__Work instructions__
For this task, output exactly the lines of the material below starting at the line with "①按1號鍵進入設置小錢包扇區號界面,如下圖所示,輸入要設置的扇區號即可;" and ending at the line with "기술적 분석가들에 따르면"; pictures are to be excluded.

__Working data__
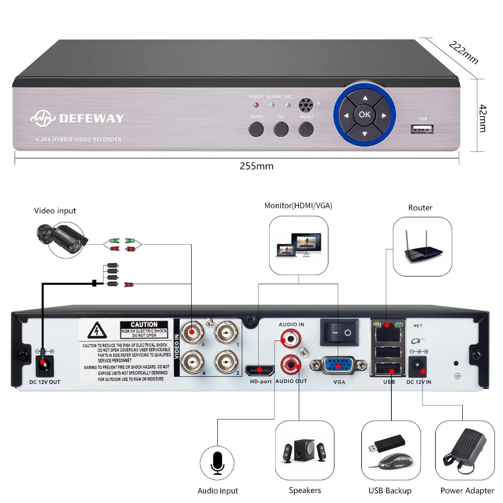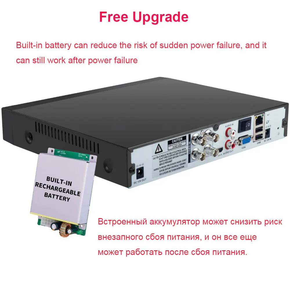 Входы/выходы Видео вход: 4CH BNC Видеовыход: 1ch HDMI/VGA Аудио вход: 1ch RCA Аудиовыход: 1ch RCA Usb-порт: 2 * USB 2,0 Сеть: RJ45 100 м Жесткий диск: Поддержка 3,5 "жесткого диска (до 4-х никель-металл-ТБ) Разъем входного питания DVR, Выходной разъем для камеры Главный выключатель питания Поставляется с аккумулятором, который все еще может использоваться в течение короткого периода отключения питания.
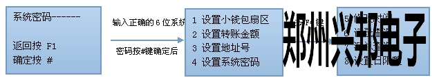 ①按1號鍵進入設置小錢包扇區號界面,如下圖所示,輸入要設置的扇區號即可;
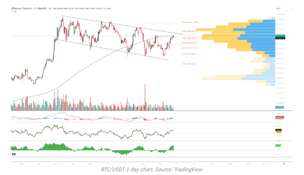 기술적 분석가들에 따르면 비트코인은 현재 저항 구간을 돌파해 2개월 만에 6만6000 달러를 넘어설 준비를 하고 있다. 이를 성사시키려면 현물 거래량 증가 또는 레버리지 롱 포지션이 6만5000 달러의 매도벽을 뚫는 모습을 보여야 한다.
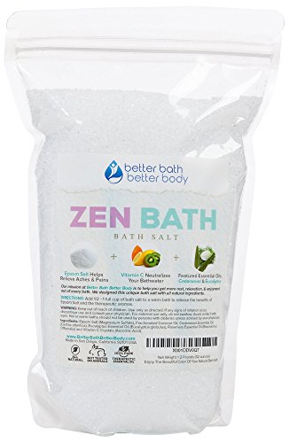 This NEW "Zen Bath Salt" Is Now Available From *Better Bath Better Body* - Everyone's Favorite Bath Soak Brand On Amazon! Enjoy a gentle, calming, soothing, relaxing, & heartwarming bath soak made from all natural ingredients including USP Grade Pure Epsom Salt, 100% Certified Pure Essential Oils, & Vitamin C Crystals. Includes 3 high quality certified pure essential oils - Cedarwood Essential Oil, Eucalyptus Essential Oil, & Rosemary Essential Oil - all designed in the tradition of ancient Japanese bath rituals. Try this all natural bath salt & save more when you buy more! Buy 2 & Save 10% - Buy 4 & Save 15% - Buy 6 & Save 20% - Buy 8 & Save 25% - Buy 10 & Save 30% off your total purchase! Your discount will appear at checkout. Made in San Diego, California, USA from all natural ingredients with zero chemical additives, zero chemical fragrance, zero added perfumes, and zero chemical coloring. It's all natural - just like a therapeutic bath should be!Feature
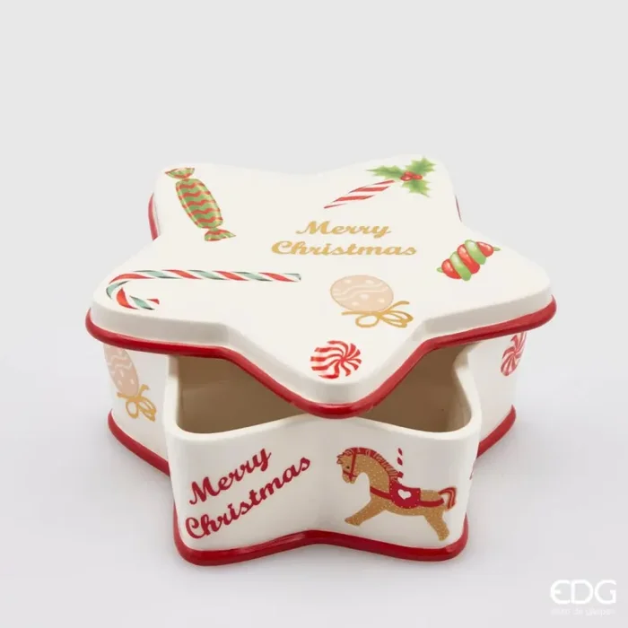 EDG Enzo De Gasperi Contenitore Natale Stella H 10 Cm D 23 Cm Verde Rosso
==
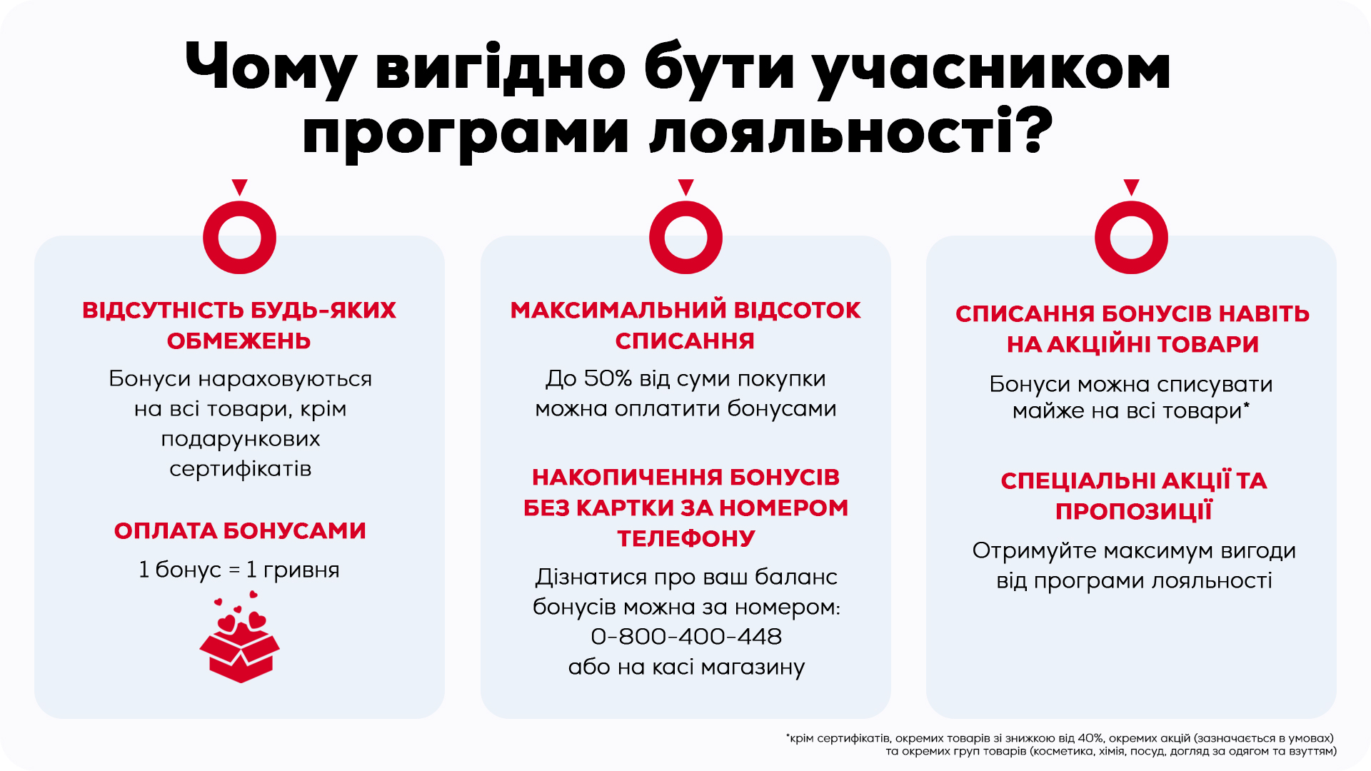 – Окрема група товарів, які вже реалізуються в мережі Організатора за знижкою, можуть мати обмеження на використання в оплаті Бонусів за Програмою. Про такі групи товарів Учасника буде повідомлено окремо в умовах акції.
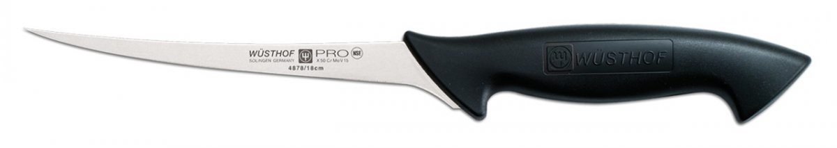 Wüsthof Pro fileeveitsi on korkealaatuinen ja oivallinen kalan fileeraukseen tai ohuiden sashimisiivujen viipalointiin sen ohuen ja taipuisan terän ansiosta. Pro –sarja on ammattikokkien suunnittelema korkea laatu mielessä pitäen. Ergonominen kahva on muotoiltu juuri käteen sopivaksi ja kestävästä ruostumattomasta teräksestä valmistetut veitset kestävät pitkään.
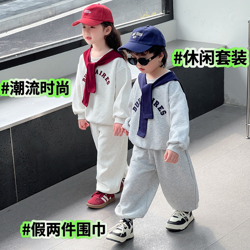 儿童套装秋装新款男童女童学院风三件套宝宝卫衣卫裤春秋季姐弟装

__Task result__
 ①按1號鍵進入設置小錢包扇區號界面,如下圖所示,輸入要設置的扇區號即可;
 기술적 분석가들에 따르면 비트코인은 현재 저항 구간을 돌파해 2개월 만에 6만6000 달러를 넘어설 준비를 하고 있다. 이를 성사시키려면 현물 거래량 증가 또는 레버리지 롱 포지션이 6만5000 달러의 매도벽을 뚫는 모습을 보여야 한다.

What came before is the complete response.